The Brooklyn Lab partnered with Jolibrain in France, an A-team of machine learning specialists whose clients included NASA, Airbus and The Tate. Jolibrain only takes on machine learning problems that have not been solved, and this certainly fit the bill.

With the help of Cartier sales associates, we spent a week at the Mansion capturing thousands of HD videos and images of hands, with and without Cartier engagement rings. We also captured people wearing a simple generic black marker ring that we had 3D printed. The marker ring gave the client the feel of a real ring while creating a visual anchor for the machine learning process.

With the data collected, we spent months testing the hypothesis: first generating new hands with diamond rings from footage of the marker ring. The early results were far from perfect, but they showed the approach was sound. We were not yet judging image quality. We were asking whether CycleGAN could work in this use case.

Because the desired output was real-time video, rendering the whole hand would be extremely compute-intensive. The next experimental task was to develop a patch around the captured rings and fuse that patch back onto hands containing the marker rings, testing different modifications to balance placement, rendering and fusion with the rest of the hand.

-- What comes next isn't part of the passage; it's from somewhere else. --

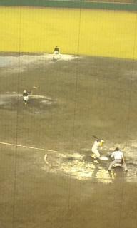 代打攻勢3人目・加治屋が1ストライク3ボールからフォアボールを選ぶ。打順トップに還って加藤がしぶとく三遊間をゴロで抜くヒットで続くと、なんとなく雰囲気があやしくなってきた。試合開始前から降り続いてきた雨もここへきて激しさを増したような気がする。マウンド上は8回二死から代わった左腕・井藤だが、続く2番打者にもフォアボールで満塁。ここで新薬は投手を加藤に交代。投球練習を見たところ右のサイドスローだった。もしこいつがストライク入らなかったらどうするんだろ。
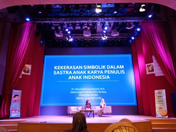 Topik yang menjadi favorit saya adalah “Buku Bacaan Anak Pilihan Dilihat dari Isi, Penyajian, Bahasa, Ilustrasi dan Penggunaan serta Kegunaan” yang dibawakan oleh Dr. Murti Bunanta dan “Kekerasan Simbolik Dalam Sastra Anak Karya Penulis Anak Indonesia” yang dipresentasikan oleh Dr. Dina Dyah Kusumayanti. Kedua topik ini, menurut saya juga interelated, sama-sama menyampaikan pesan bahwa penulis buku anak seharusnya menulis untuk seluruh kalangan Anak Indonesia dan tentang Indonesia.

The patch approach helped focus the generator on ring detail and let us make the dataset appear larger to the model by creating offset crops from a single image. It was a lengthy process. The results were encouraging, but we encountered new problems, including skin inversion and inconsistent skin tone. Accurate ring placement was possible, but context and rendering quality made it clear that the dataset was still too small.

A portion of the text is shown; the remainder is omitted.